> Assigned task
The copy should hold exactly the lines below from the one that contains "难得黎姿与丈夫带着三名作公主打扮的女儿现身餐厅的倒数派对" through the one that contains "It shows what" and nothing else, so no pictures.

> Data supplied

==================================================

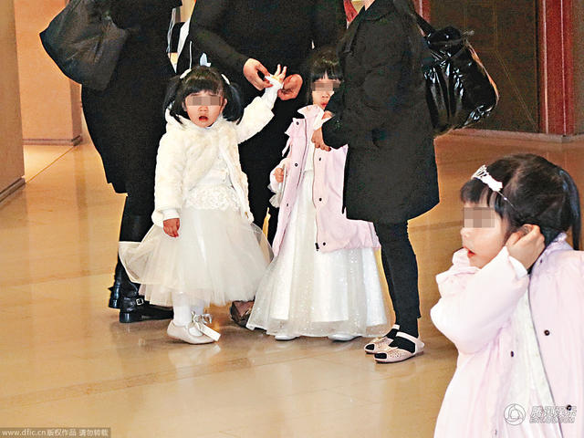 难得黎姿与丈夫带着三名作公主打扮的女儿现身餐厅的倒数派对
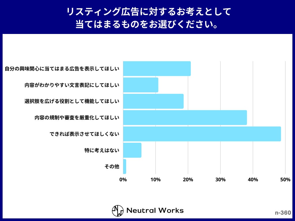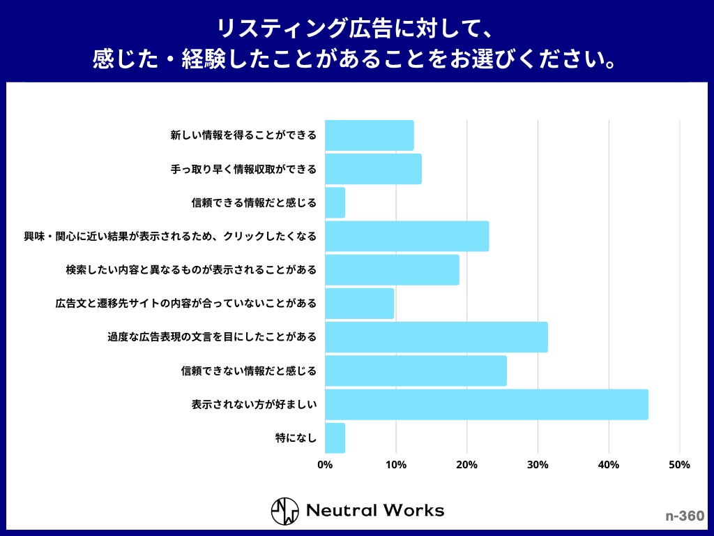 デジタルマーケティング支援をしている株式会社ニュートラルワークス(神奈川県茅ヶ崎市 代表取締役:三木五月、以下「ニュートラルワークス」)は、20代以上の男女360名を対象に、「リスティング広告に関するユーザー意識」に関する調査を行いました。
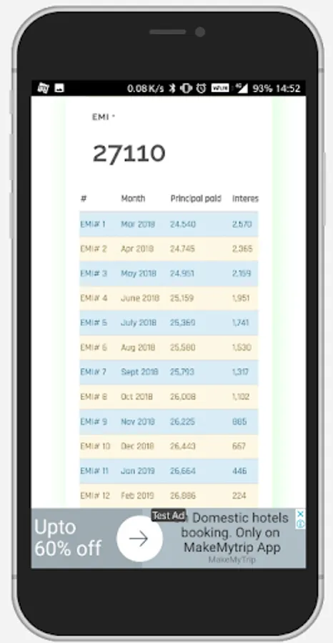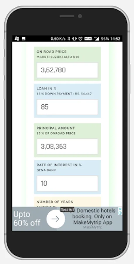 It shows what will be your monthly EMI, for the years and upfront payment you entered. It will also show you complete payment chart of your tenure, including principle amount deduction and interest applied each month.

==================================================

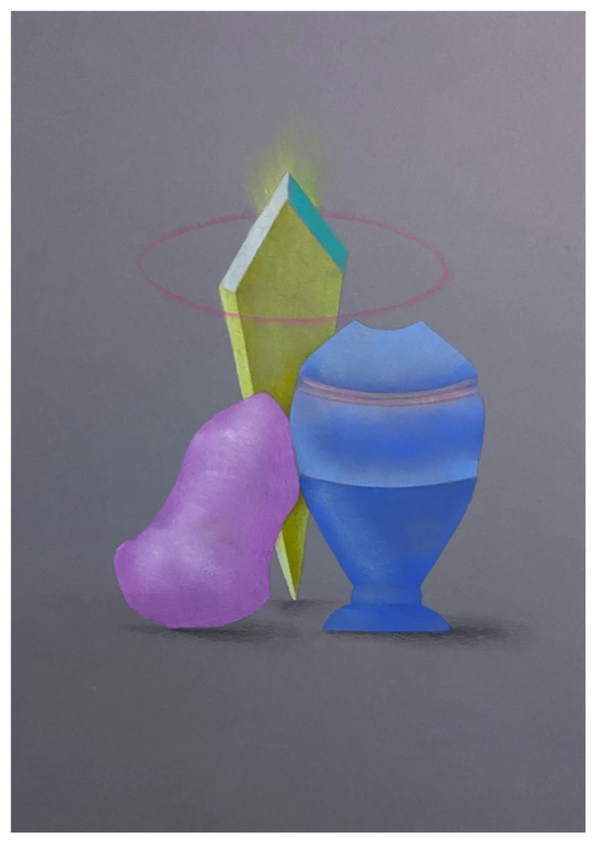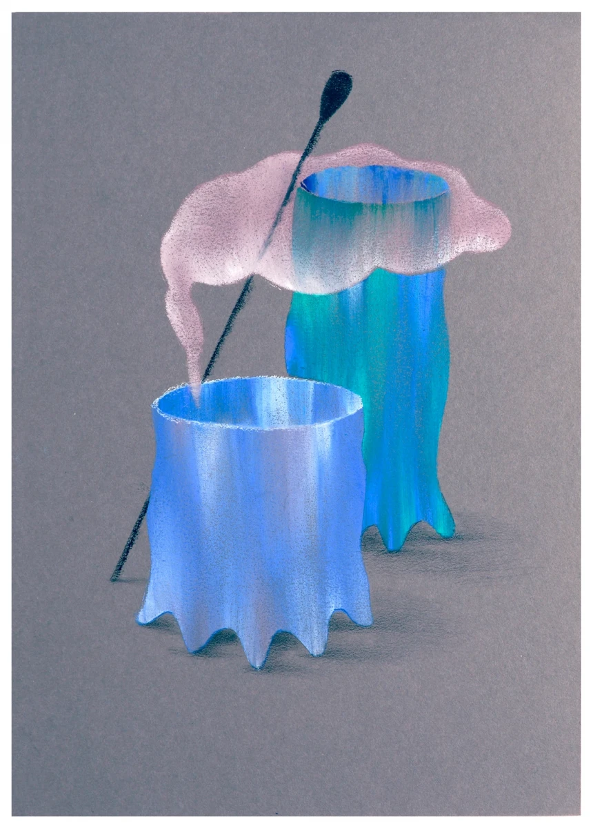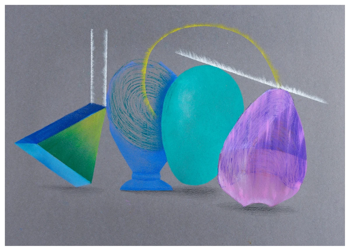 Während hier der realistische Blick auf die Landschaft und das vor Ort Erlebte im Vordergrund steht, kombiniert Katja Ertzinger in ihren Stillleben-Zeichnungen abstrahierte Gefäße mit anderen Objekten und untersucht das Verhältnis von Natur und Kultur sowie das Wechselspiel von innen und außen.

==================================================

> Completed task
 难得黎姿与丈夫带着三名作公主打扮的女儿现身餐厅的倒数派对
 デジタルマーケティング支援をしている株式会社ニュートラルワークス(神奈川県茅ヶ崎市 代表取締役:三木五月、以下「ニュートラルワークス」)は、20代以上の男女360名を対象に、「リスティング広告に関するユーザー意識」に関する調査を行いました。
 It shows what will be your monthly EMI, for the years and upfront payment you entered. It will also show you complete payment chart of your tenure, including principle amount deduction and interest applied each month.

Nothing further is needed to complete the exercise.